In my talk, I will present some approaches that tackle the OOV problem by complementing the distributional embedding methods with a compositional view of word structure. I will focus on our recent algorithm, MIMICK (EMNLP 2017), which produces OOV embeddings by re-learning distributionally-trained vectors using only the way words are spelled, using a character-level Recurrent Neural Net (RNN). I will show the merits of our model across a diverse array of 23 languages on a sequence-tagging task. I will discuss the implications of our results based on attributes of different languages and datasets, as well as some new findings relating to the architecture choices underlying the MIMICK model.

Dec 21st 2017, Thu 12:00 , Karen Livsecu (webpage).

Toyota Technological Institute at Chicago (Faculty).

Location: Building 216, Colloquium room.

How should we use domain knowledge in the era of deep learning? (A perspective from speech processing)


Deep neural networks are the new default machine learning approach in many domains, such as computer vision, speech processing, and natural language processing. Given sufficient data for a target task, end-to-end models can be learned with fairly simple, almost universal algorithms. Such models learn their own internal representations, which in many cases appear to be similar to human-engineered ones. This may lead us to wonder whether domain-specific techniques or domain knowledge are needed at all.

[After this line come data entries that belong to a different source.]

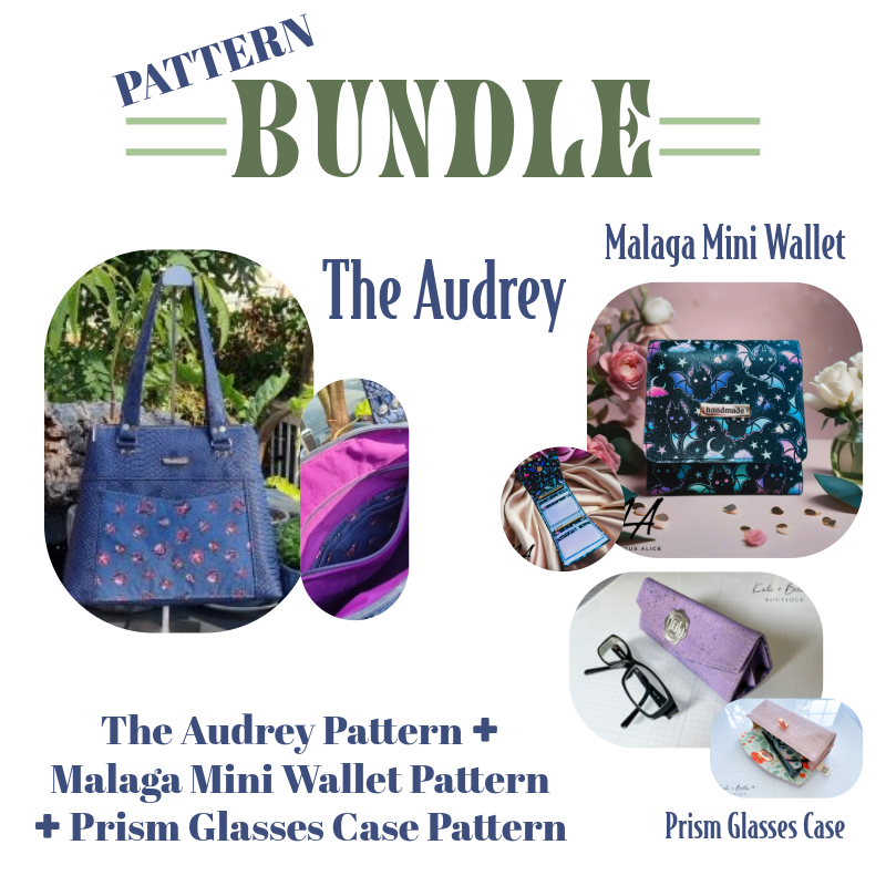 This pattern bundle includes The Audrey pattern, Prism Glasses Case pattern & Malaga Mini Wallet pattern.
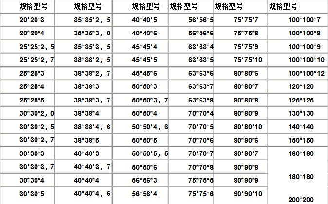 角鋼規(guī)格表大全
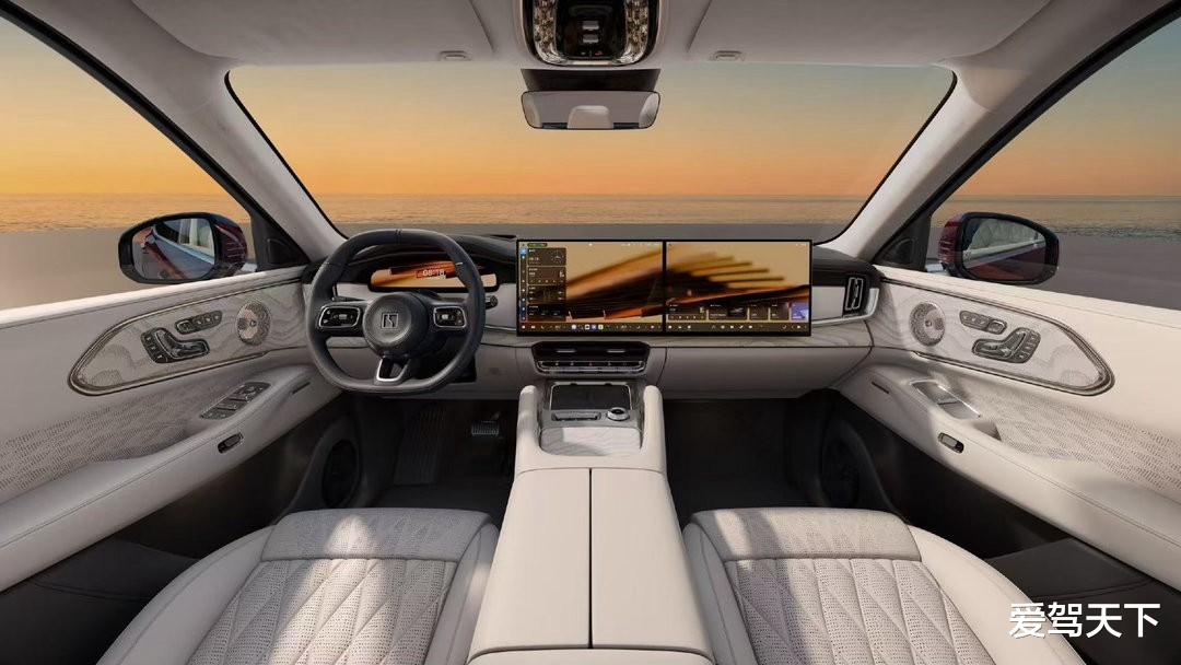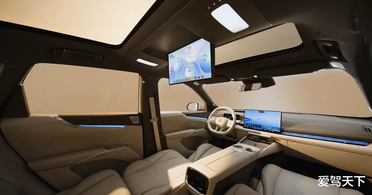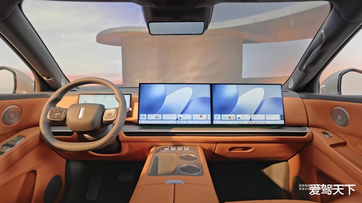 既然是奔着家庭用户去的,那“冰箱彩电大沙发”这三件套自然少不了。座舱布局也没玩什么新花样,直接用上了大家早已看腻的副驾双联屏,和自家的蓝山如出一辙,说白了就是理想L系列那一套。屏幕下方是贯穿式空调出风口,辅以不同材质的饰板,层次感倒是拉满了。
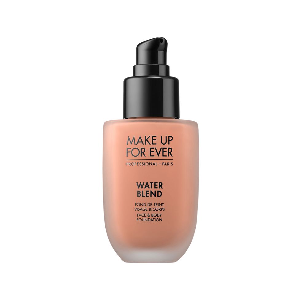 “To give a bronze effect, apply MAKE UP FOR EVER Water Blend formula in a shade slightly darker than your skin tone. This will give you a light, dewy coverage. Next, apply Ultra HD Concealer under the eyes and to the high planes of the face. Use the Pro Sculpting Palette to apply a light contour and sculpt the cheekbones.
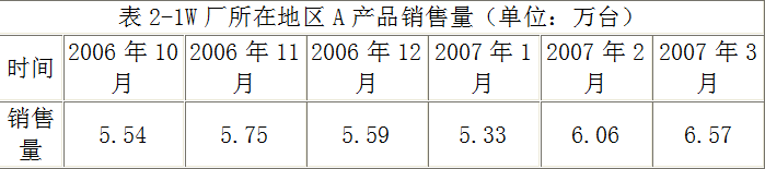 W厂生产A产品。鉴于目前的市场态势,该厂拟调整2007年二季度的生产计划。为此,委托Y咨询公司对该厂所在地区的A产品的销售量进行预测。Y公司根据本公司目前仅有的行业统计信息库,统计了W厂所在地区2006年10月-2007年3月的A产品销售量,见表2-1。
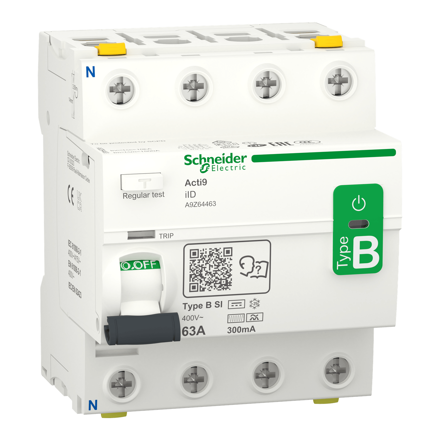 Os interruptores Diferencias Residuais (IDR) Acti9 iID protegem pessoas contra choques elétricos causados por fuga de corrente,e também instalações contra riscos de incêndio causados pela corrente de fuga à terra.O A9Z64463 possui 4 polos, capacidade de 63 classe de proteção B-SI, sensibilidade de fuga à terra de 300mA, capacidade de interrupção de 10kA em 400VCA (61008-1).
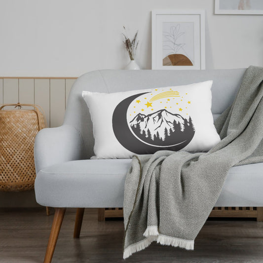 Moonlit mountain landscape with stars and comet design
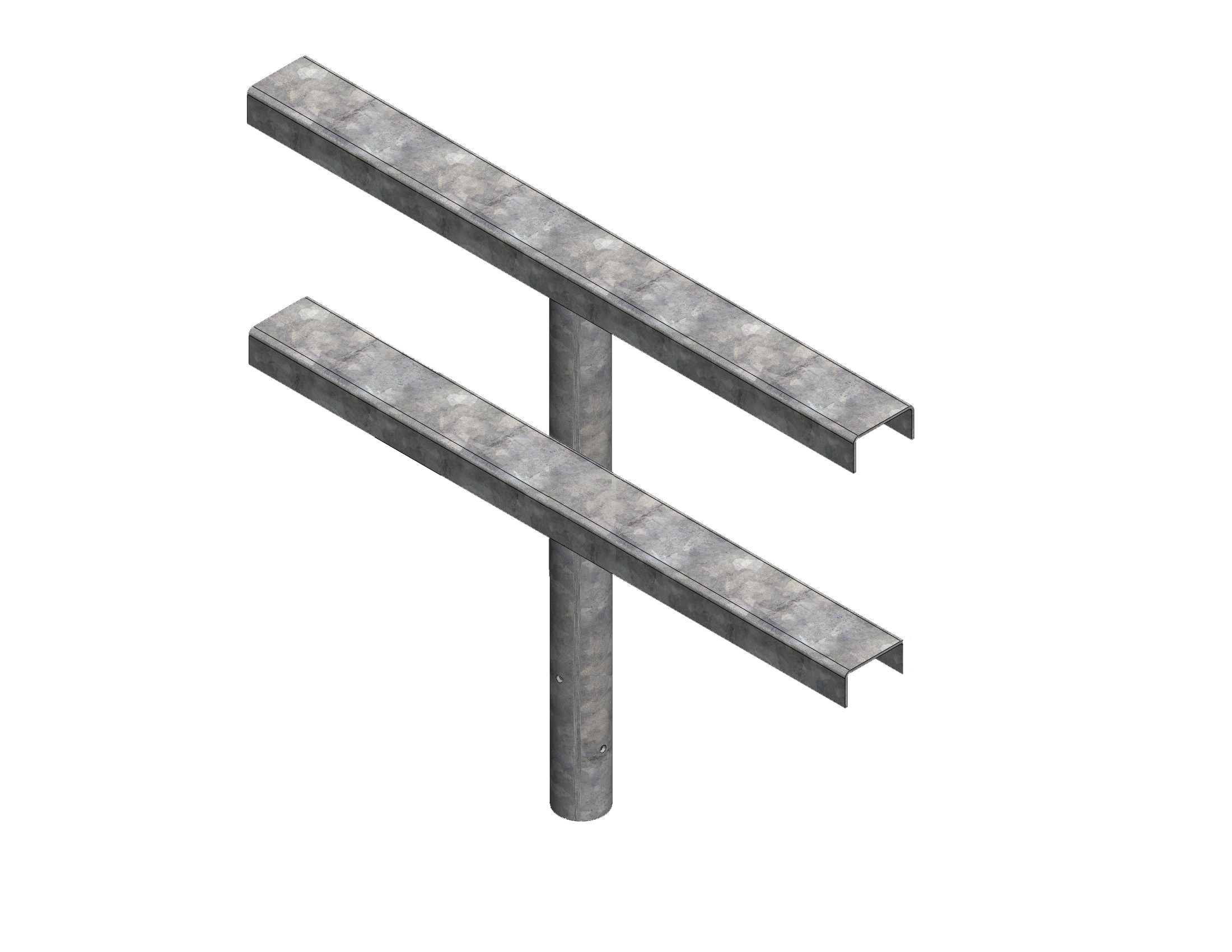 Cruceta doble paralelas de 1m para montaje de luminarias en postes. Fabricado en acero galvanizado en caliente.
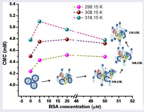 用表面張力法研究了牛血清白蛋白對IL型gemini表面活性劑[C10-4-C10im]Br2表面性質(zhì)的影響。研究了不同溫度下臨界膠束濃度(CMC)與BSA濃度的關系。[C10-4-C10im]Br2的CMC隨著BSA濃度的增加以及系統(tǒng)溫度的升高而增加。界面參數(shù),即;計算了最大表面過量濃度(Γmax)、每分子最小面積(Amin)和CMC下的表面壓力(ΔCMC)。此外,利用表面張力數(shù)據(jù)評估了吸附和膠束化的熱力學參數(shù)。結果表明,[C10-4-C10im]Br2與BSA的結合是自發(fā)的、放熱的。該過程是熵驅(qū)動的,疏水相互作用是主要驅(qū)動力。
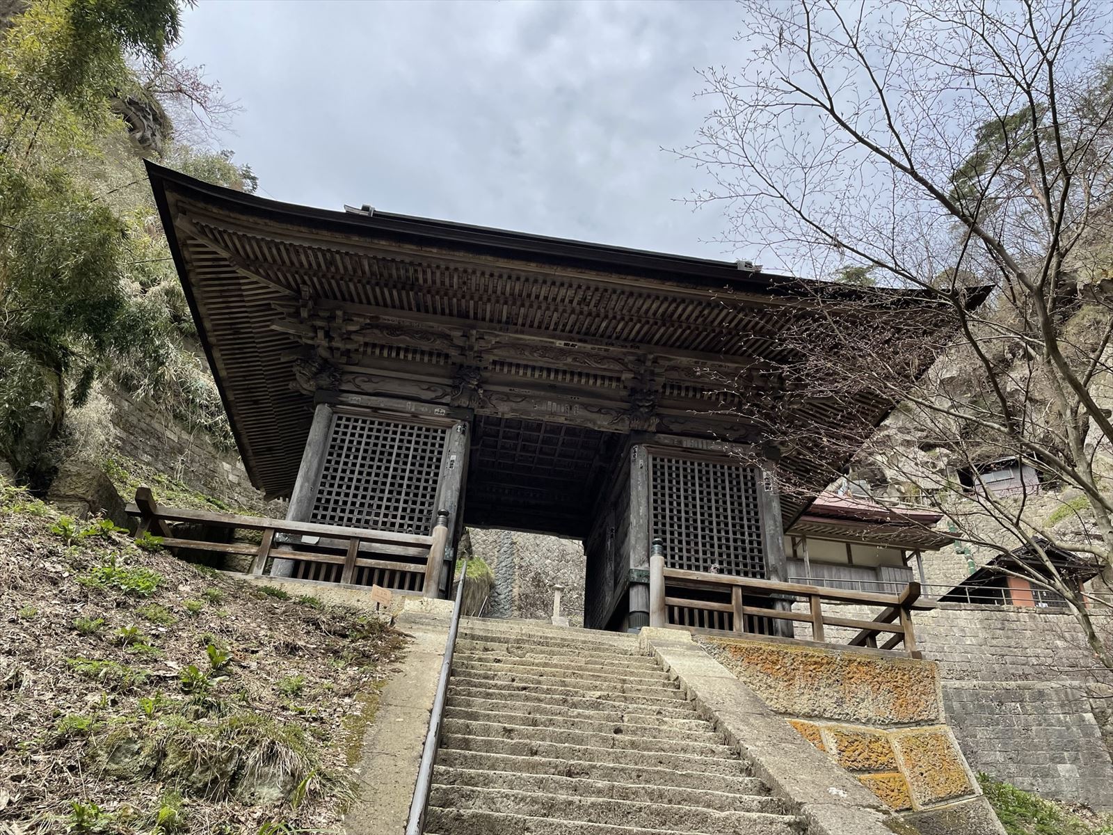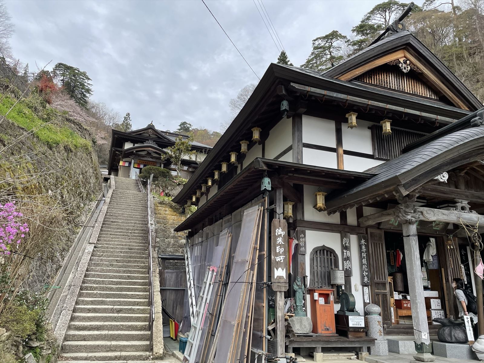 登山口と書かれた看板の階段を上ります。この階段を上った所に根本中堂があります。そこから山門に向かって歩きます。山門では拝観料金、大人300円を支払います。
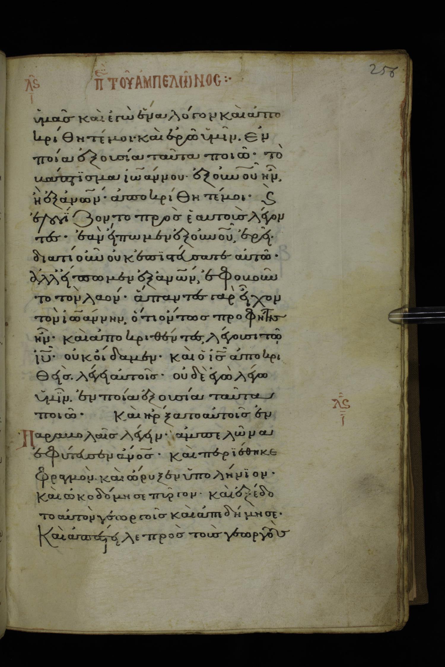 Fourteenth century minuscule of the Gospels on parchment; 332 leaves, 1 column, 20-22 lines per column. Images were taken at the National Library of Greece in Athens.
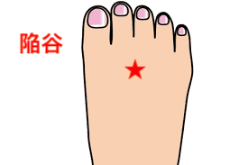 陥谷は、足の人差し指に続く骨と足の中指に続く骨の間にあるツボです。
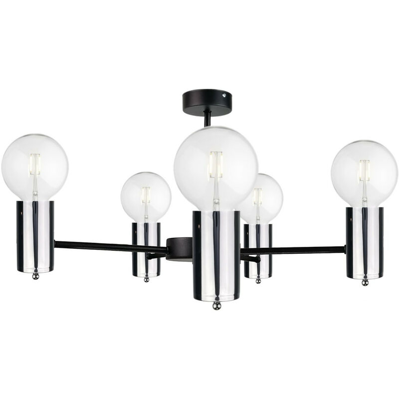 Keter Lighting - 1712 Arde Multi Arm Lampada da soffitto semi-incasso nero, argento, 60 cm, 5x E27 | Finitura: nero, argento | Altezza: 37 cm | Lunghezza: 60 cm | Larghezza: 60 cm | Tipo di lampada: E27 | N. di lampade: 5 | Lampadina inclusa: no | Dimmerabile: Sì - Sono necessarie lampadine dimmerabili | Potenza (max): 60 W
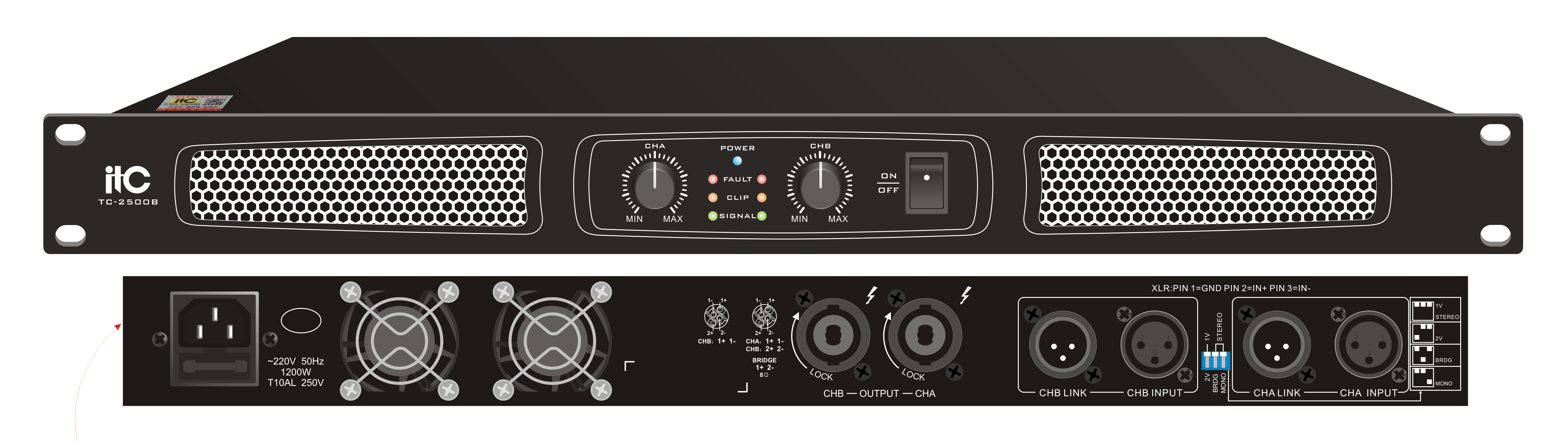 2-канальный усилитель, 2х500W / 8 Ом ITC-2500B
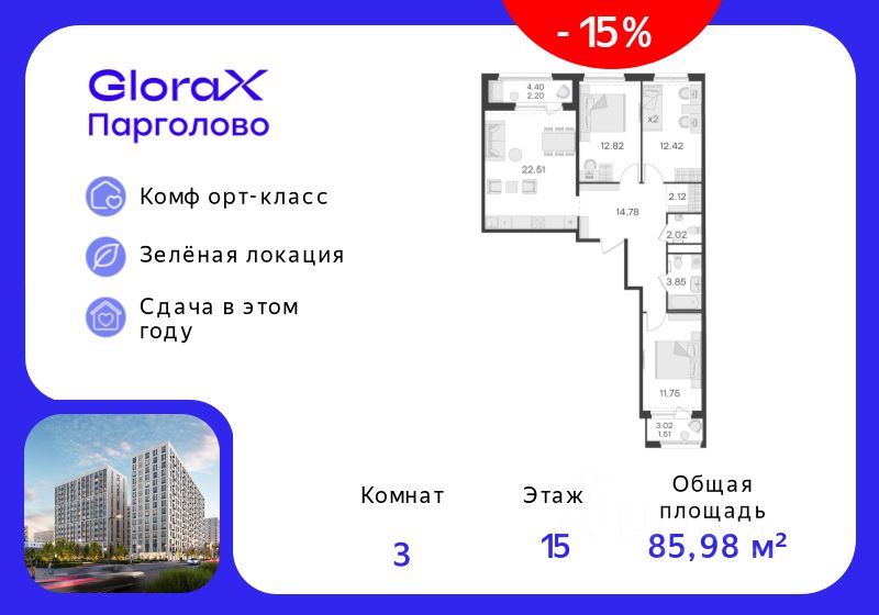 Продается 3-комн. квартира  на 15-м этаже в проекте комфорт-класса GloraX Парголово. Общая площадь лота составляет 85,98 кв. м, из которых 36,99 кв. м отведено под жилую и 22,51 кв. м под кухонную зону. Номер квартиры - 355.
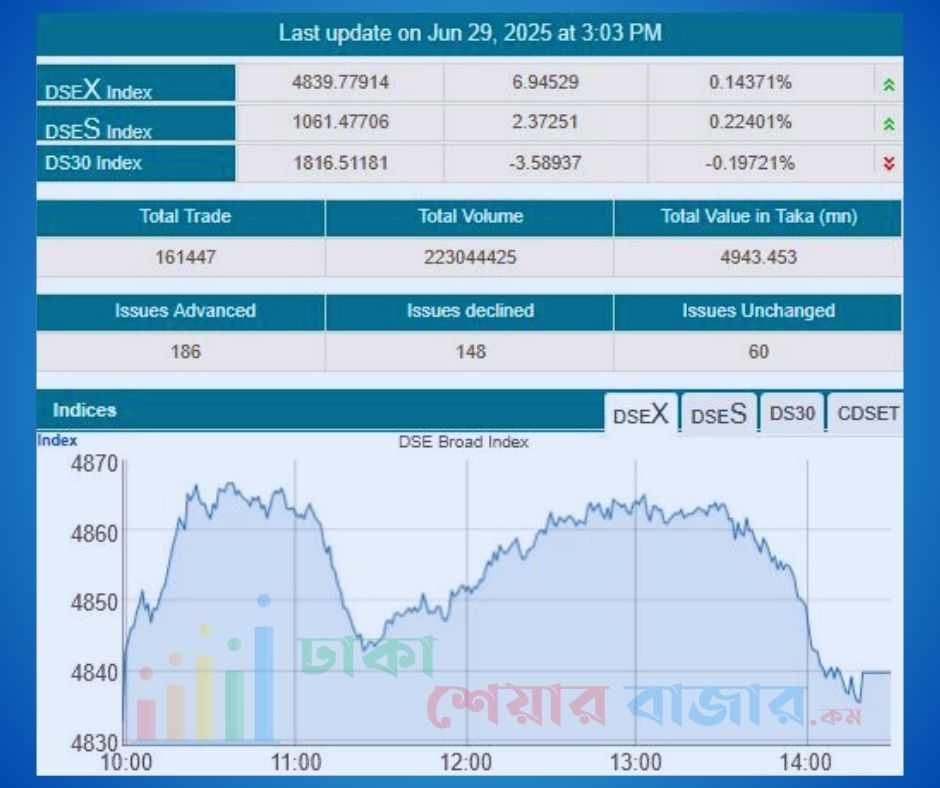আজকের বাজার বিশ্লেষণে দেখা যায়, ডিএসই প্রধান বা ডিএসইএক্স সূচক ৬.৯৪ পয়েন্ট বেড়ে অবস্থান করছে ৪৮৩৯.৭৭ পয়েন্টে। অন্য সূচকগুলোর মধ্যে ডিএসইএস বা শরীয়াহ সূচক ২.৩৭ পয়েন্ট বেড়ে অবস্থান করছে ১০৬১.৪৭ পয়েন্টে এবং ডিএস৩০ সূচক ৩০ পয়েন্ট কমে দাঁড়িয়েছে ১৮১৬.৫১ পয়েন্টে।

This talk will provide a perspective on these issues from the domain of speech processing. It will discuss when and how domain knowledge can be helpful, and describe two lines of work attempting to take advantage of such knowledge without compromising the benefits of deep learning. The main application will be speech recognition, but the techniques discussed are general.

Oct 25th 2017, Wed, 10:30, Omer Levy (website).

University of Washington (Post Doc).

Location: Gonda Building (901), Room 101.

What does an LSTM Learn?


Long short-term memory (LSTM) was designed to address the problem of vanishing gradients in a simple recurrent neural network (S-RNN) by introducing a memory cell that records information via addition. We observe, on a variety of natural language tasks, that replacing the embedded S-RNN with a simple linear transformation does not degrade performance, implying that the S-RNN's role in an LSTM is redundant. We conjecture that the modeling power of an LSTM stems directly from the memory cell, and examine the value that it stores at each iteration. Our analysis reveals that the memory cell dynamically computes an element-wise weighted sum over its inputs, suggesting that this more restricted function space is the main driving force behind the success of LSTMs.


I am a post-doc in the Department of Computer Science & Engineering at the University of Washington, working with Prof. Luke Zettlemoyer. Previously, I completed my PhD at Bar-Ilan University with the guidance of Prof. Ido Dagan and Dr. Yoav Goldberg. I am interested in designing algorithms that mimic the basic language abilities of humans, and using them to realize semantic applications such as question answering and summarization that help people cope with information overload. I am also interested in deepening our qualitative understanding of how machine learning is applied to language and why it succeeds (or fails), in hope that better understanding will foster better methods.